Mühimmatın Silahlı Kuvvetler'e ait olduğu ve rutin bir sevkiyat yapıldığı belirtilirken,
taşıma işlemi bazı soruları beraberinde getirdi. Bu çapta bir
mühimmatın Emniyet'e bildirilmeden,
sivil araçla ve korumasız taşınması ikmal ve
lojistik uzmanlarının da tepkisini çekti.
Kamyon kasasındaki
bombaların A-4 kâğıt kutularına konulması ise güvenlik endişelerine yol açtı. Uluslararası Tehlikeli Madde Taşımacılığı (ADR) ile ilgili
Avrupa anlaşması
yönetim danışmanı Ümit Seçkin'in verdiği bilgilere göre, sürücünün özel sertifikası olmalı, aracın üzerinde uyarıcı levha bulunmalı,
patlayıcılar özel ambalajlarda muhafaza edilmeli, nakil için özel güzergâhlar seçilmeli ve her noktada ilgili birimlere bilgi verilmeli.
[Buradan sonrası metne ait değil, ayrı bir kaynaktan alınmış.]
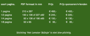Met de opbrengsten van de advertenties bekostigen wij het magazine dus uw donateurs- , vrienden- sponsorbijdrage worden puur gebruikt voor het Skutsje.
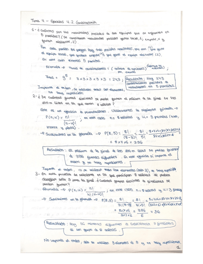 Ejercicios de Combinatoria para entregar corregidos correctamente
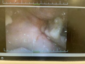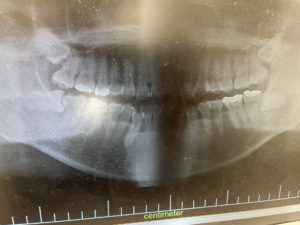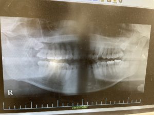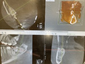 ほら、微妙に頭をひょっこりとだしているでしょう、これが親知らずです。まずはctをとって神経との位置を確認、ほっぺた側ベロ側をしっかりと確認していきます。ほっぺた側にある場合の方が当然ながらぬきやすいです。
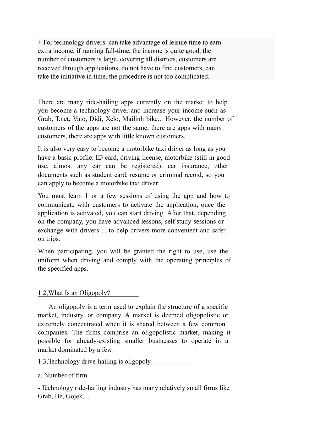 - Technology ride-hailing industry has many relatively small firms like Grab, Be, Gojek,...
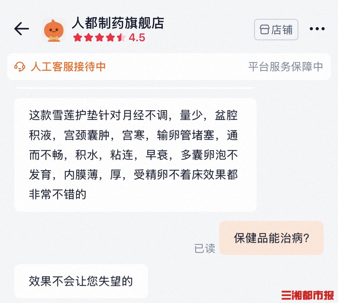 “这款护垫用于去异味,止痒、抑菌、杀菌、妇科炎症效果很不错。”客服介绍。记者以消费者身份追问“保健品是否能治病”,客服表示“效果不会让人失望”。
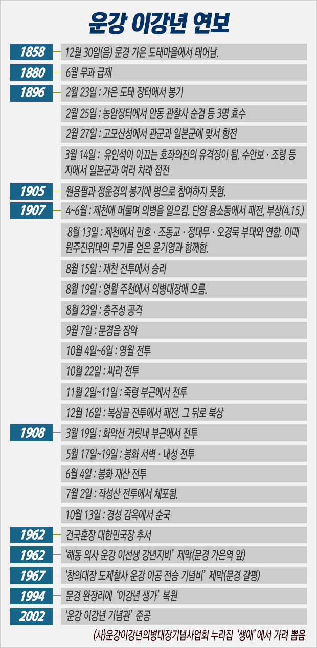 1908년 10월 13일, 경성감옥에서 십삼도창의군의 호서창의대장 운강 이강년(李康秊, 1858~1908)의 교수형이 집행되었다. 지난 6월, 충청도 청풍과 작성에서 벌어진 일본군과의 결전에서 발목에 총알을 맞고 붙잡혀 7월에 서울의 일본군 헌병사령부로 압송되었다가 9월 22일에 교수형을 선고받은 지 스무하루 만이었다. 향년 50세.
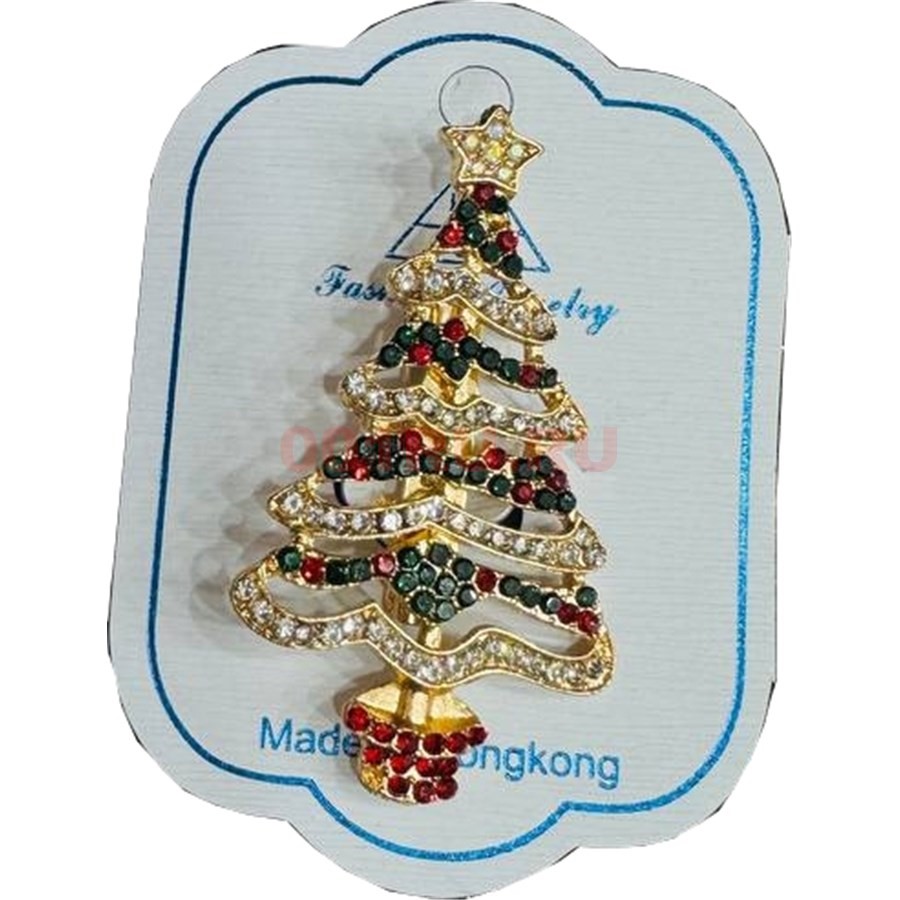 Брошь металлическая (N-B-17) новогодняя елка со стразами 12 шт/упаковка
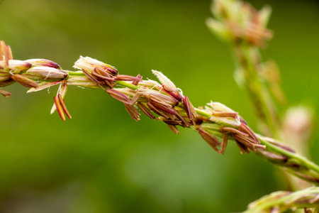 Delicate green spikes of grass bloom, capturing the essence of summer's vibrant beauty.
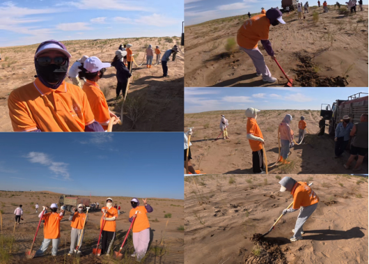 告别田野绿意,实践队走进了民勤县青土湖公益林防沙治沙基地,通过植树助力生态保护。

Emekli Tabip
Albay Nevzat Tarhan yaşanan
tehlikeyi şu sözlerle dile getiriyor: "
Ankara şehir trafiğinde
karpuz taşır gibi mühimmat taşımanın açıklanabilir bir sebebi olamaz."
Uzmanlar, tonlarca bombanın
Muğla'dan Ankara'ya naklinin sivil bir araçla yapılmasının mevzuata uygun olmadığını anlatıyor.
İşte görüşler:
Emekli
Tuğgeneral Adnan Tanrıverdi: "Sivil araçla mühimmat taşıma işlemi sadece şehir içerisinde yapılabilir. Araçta görevli
muvazzaf askerler de bulunmalıdır. Ancak şehirlerarası taşıma yapılacaksa mutlaka askerî araçla ve eskortla olmalı."
Lojistik uzmanı
İstanbul Üniversitesi İşletme Bölümü Öğretim Üyesi Doç. Dr. Murat
Erdal: "
Nakil yapan araç sivil olduğu için tehlikeli madde yönetmeliğine uymak zorunda. Yönetmelikte tehlikeli madde taşıyan araçların da özel olma zorunluluğu vardır. Tehlikeli madde taşıdığına dair işaret ve levhalar olmalıdır. Bu aracı kullanan sürücünün tehlikeli madde eğitimi almış, tehlikeli madde taşımacılığı sertifikası (SRC-5) almış olması gerekli. Ayrıca bu araca refakat eden bir eskort olmak sorunda. Riskli olan bütün taşımalarda çevre ve canlı ikamet koşulları göz önünde bulundurulmak zorundadır. Bunun için güzergâhı riski en asgari seviyede olacak şekilde belirlemek gerekir."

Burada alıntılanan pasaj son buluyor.